_WORK REQUIRED_. Reproduce the listing in full. Omit the pictures.

_STORED DATA_.
________________

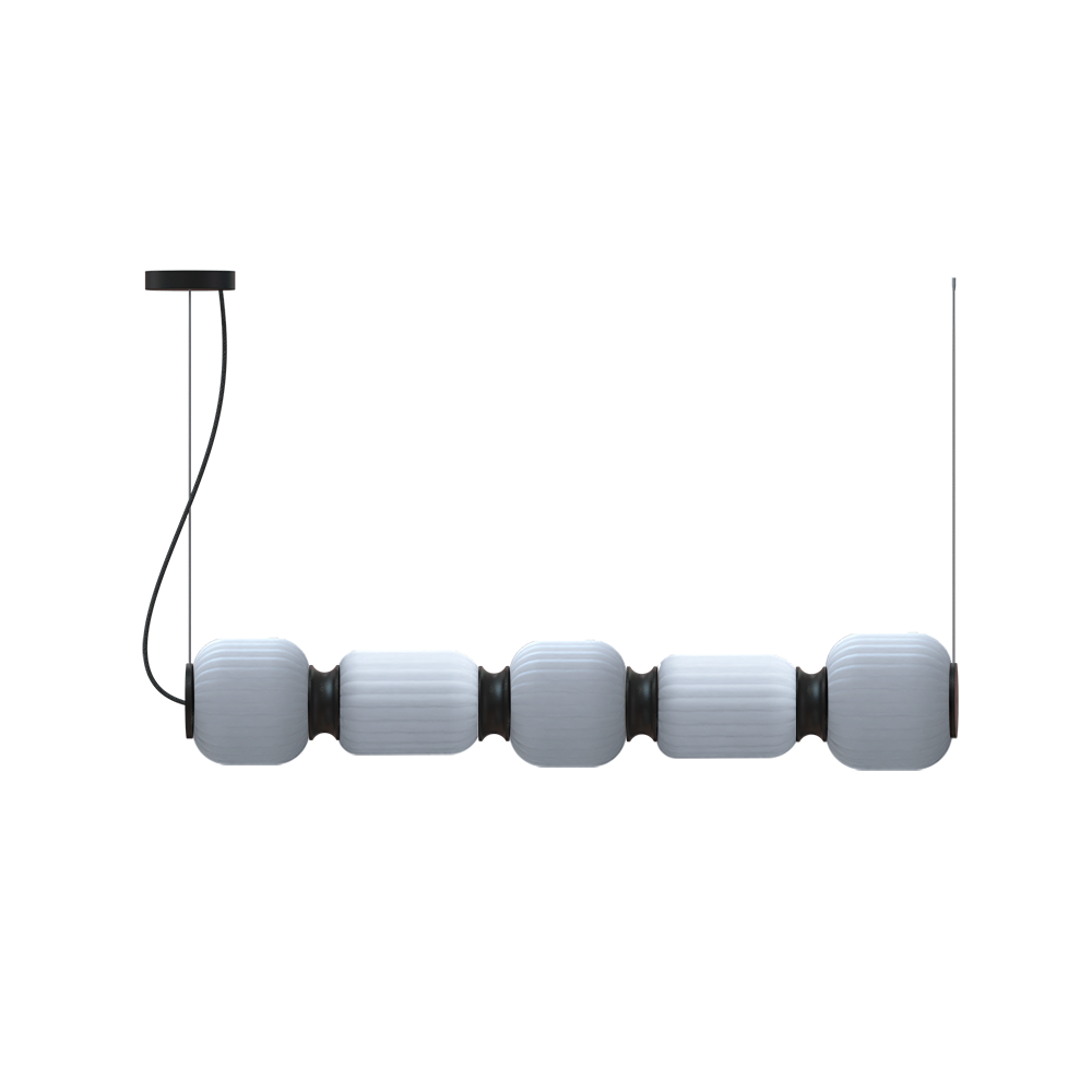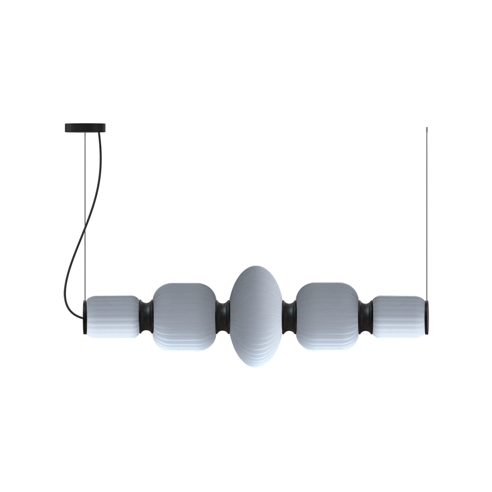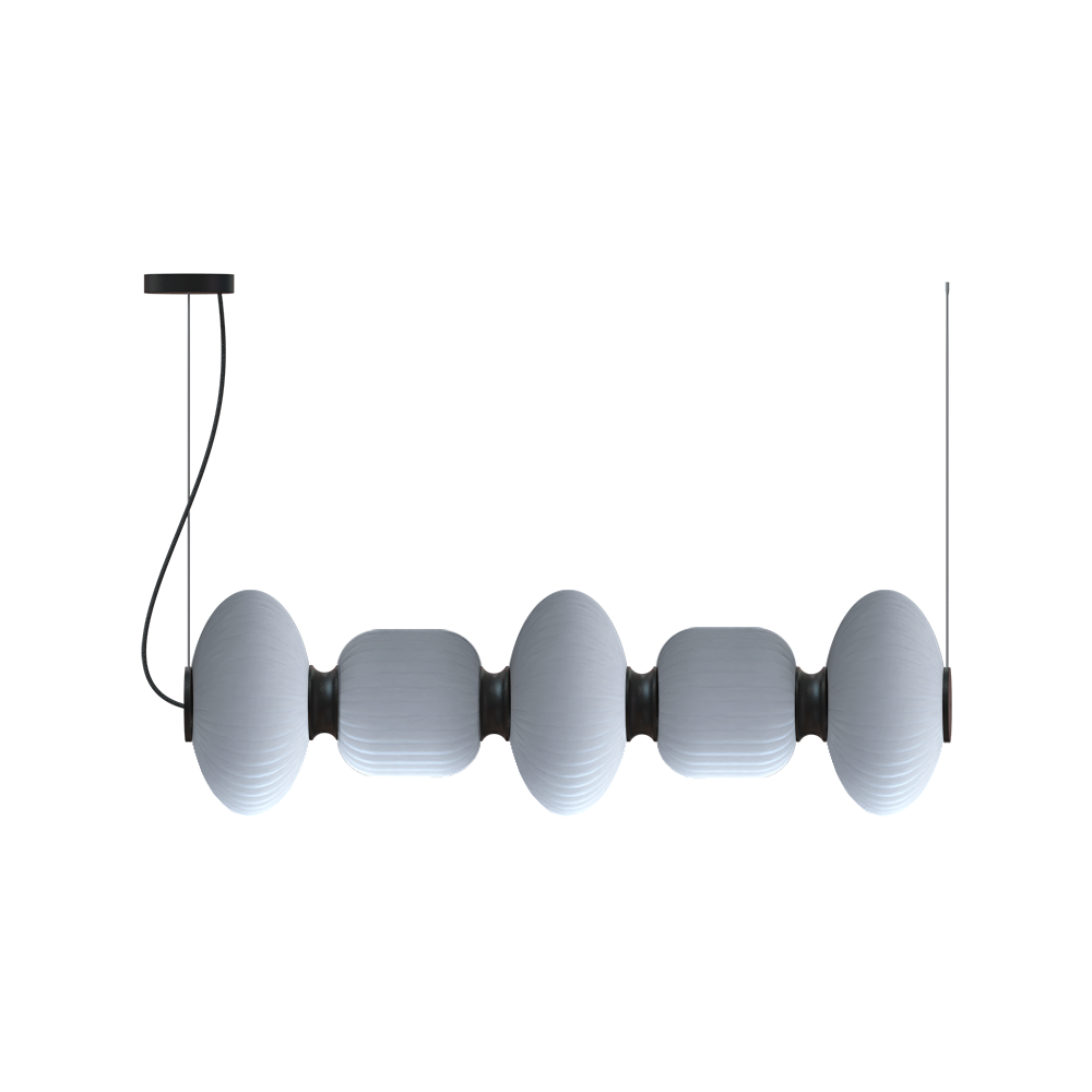 The Whiteberries Pendant Mix Quinted combines five hand-blown glass shades in a harmonious mixed arrangement, suspended by textile cables from an iron frame. Available in matte black and gold finishes, this quintet delivers 1400 lumens of warm 3000K light, offering a versatile and visually rich composition for expansive dining areas, hotel lobbies, or architectural installations seeking refined organic beauty.
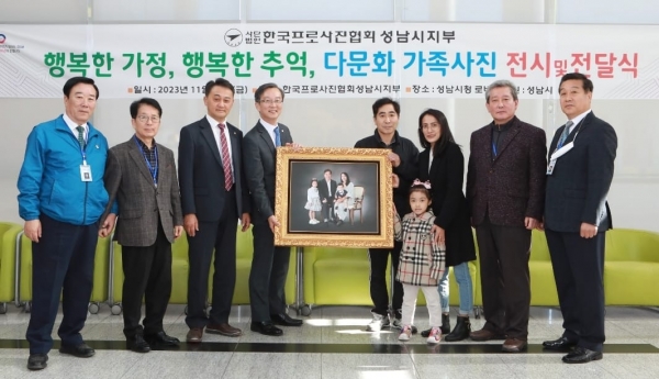 (사)한국프로사진협회 성남시지부(지부장 이한우)는, 11월 10일 성남시청1층 로비에서, 지난 10월 21일 촬영한 22팀의 다문화가족 사진 전달식을 가졌다.
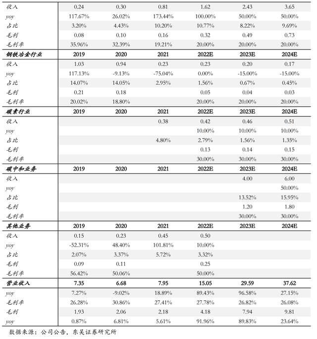 占總收入比重較小,假設(shè)鋼鐵行業(yè)2022-2024年收入增速為0%/-15%/-15%,假設(shè)碳素行業(yè)2022-2024年收入增速為10%/10%/10%,假設(shè)汽車(chē)制造、精細(xì)化工及其他行業(yè)2022-2024年收入增速維持10%左右增速,毛利率與過(guò)去三年趨勢(shì)保持一致

________________

_WRITTEN ANSWER_.
 The Whiteberries Pendant Mix Quinted combines five hand-blown glass shades in a harmonious mixed arrangement, suspended by textile cables from an iron frame. Available in matte black and gold finishes, this quintet delivers 1400 lumens of warm 3000K light, offering a versatile and visually rich composition for expansive dining areas, hotel lobbies, or architectural installations seeking refined organic beauty.
 (사)한국프로사진협회 성남시지부(지부장 이한우)는, 11월 10일 성남시청1층 로비에서, 지난 10월 21일 촬영한 22팀의 다문화가족 사진 전달식을 가졌다.
 占總收入比重較小,假設(shè)鋼鐵行業(yè)2022-2024年收入增速為0%/-15%/-15%,假設(shè)碳素行業(yè)2022-2024年收入增速為10%/10%/10%,假設(shè)汽車(chē)制造、精細(xì)化工及其他行業(yè)2022-2024年收入增速維持10%左右增速,毛利率與過(guò)去三年趨勢(shì)保持一致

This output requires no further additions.